Heat the milk with the agar agar until it boils. Leave it to cool and with a hand mixer, combine the mixture with the cheese until you get a creamy consistency. Blitz the candied lemon in a blender until it turns creamy too. Arrange a serving of the candied lemon purée on one side of a plate and the cheese sauce on the other. Place the lamb and its natural gravy in the centre of the plate and decorate with the chard leaves. Dress with green olive oil and salt and add a sprinkle of powdered liquorice and fennel seeds. Voila!
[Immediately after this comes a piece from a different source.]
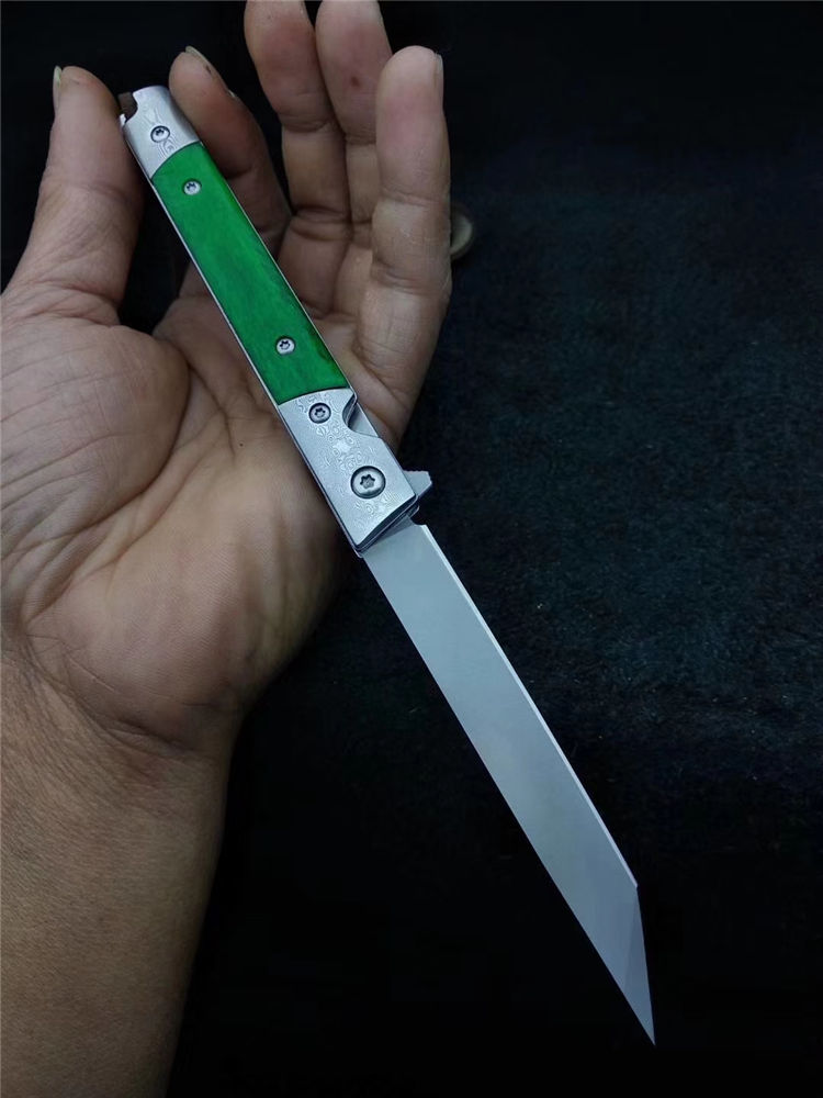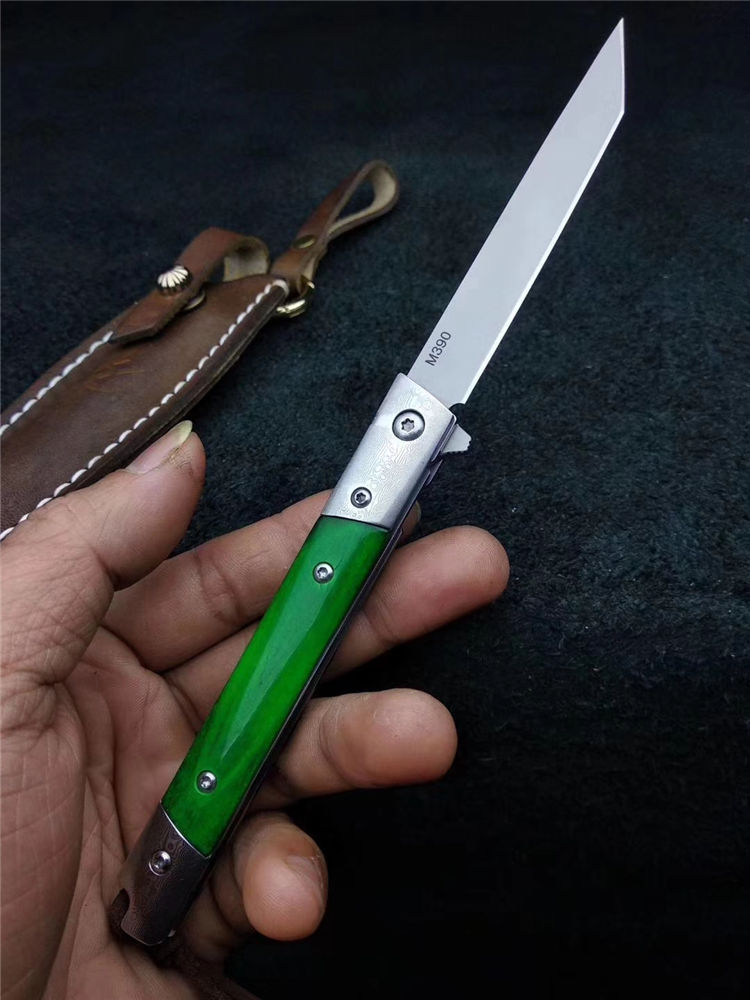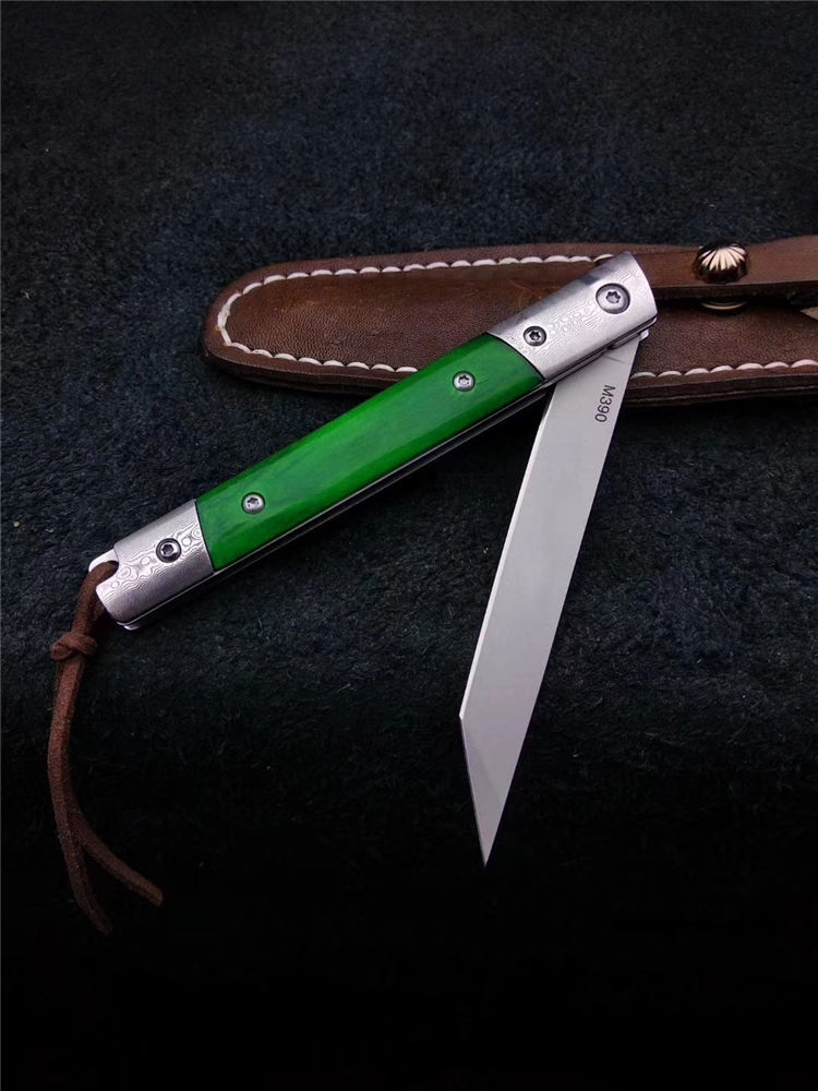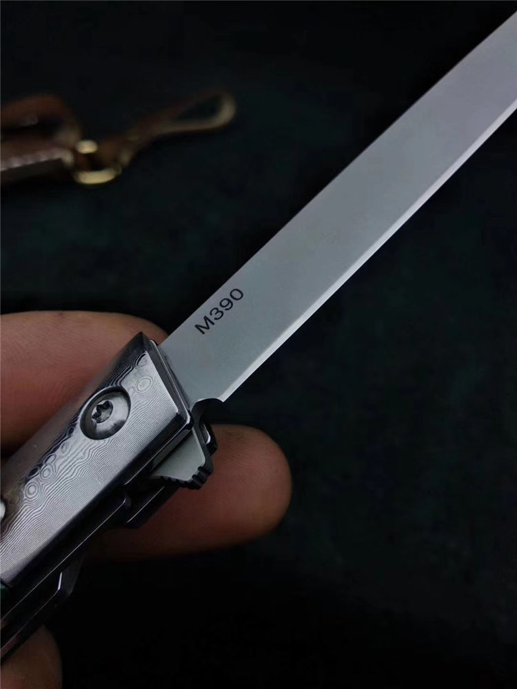 马良神笔M390折刀 总长:200mm 刃长:90mm 刃厚:2.6mm 刃宽:13mm 硬度:60-61HRC 搭配翡翠质感骨片和大马士革钢双钢头,陶瓷滚珠轴承快开系统,自主设计开发,刀刃选用奥地利M390粉末钢,中轴配置两颗进口陶瓷轴承结构,开合顺畅。专业真空深冷热处理,高温油淬回火,硬度达到60-61HRC。配置手工缝线头层牛皮刀鞘

If you don’t fancy making a fuss, you can always roast the lamb (flavoured with rosemary and garlic) and instead of the goat’s cheese sauce, substitute with roast potatoes (patate al forno) and a mixed salad side (insalata mista). And most importantly, don’t forget the wine!
Barbaresco, the Italian red made with the Nebbiolo grape is an elegant accompaniment for your Easter meal. This wine is produced on the hillsides and vineyards near the commune of Barbaresco, Neive, and Treiso in the Langhe, just to the east of Alba. As it is made from the same grape variety as its big brother Barolo, the two wines do share some characteristics, but there are also differences. The sea breeze reaches the Barbaresco growing zones earlier, which allows the grapes to ripen before those in the Barolo areas, altering its aromatic and taste profile and creating altogether a different wine.
Gaja is one of the best and most well-known Barbaresco producers, but there are many other great winemakers to be found, as well. Photo from Alessandro, Creative Commons
Pleasantly aromatic with floral bouquets of roses and violets and notes of cherry, truffle and fennel, it is lighter in colour and body than Barolo but is nevertheless well structured. To obtain DOCG status it has to age for a minimum of 2 years (with at least one year in oak barrels). To go to Riserva status, that extends up to 4 years. The best examples of Barbaresco are generally consumed 5-10 years after bottling.
You’re ready to go! Happy Easter & cin cin
Lara Statham was born in the UK. She has lived in Greece, Hungary, Jordan and Egypt but has called Turin, Piedmont home for the past 17 years. A fan of Piedmontese cuisine and wines, with a penchant for Langhe’s reds, she writes for www.turinitalyguide.com an online travel guide and lifestyle blog about Turin and Piedmont.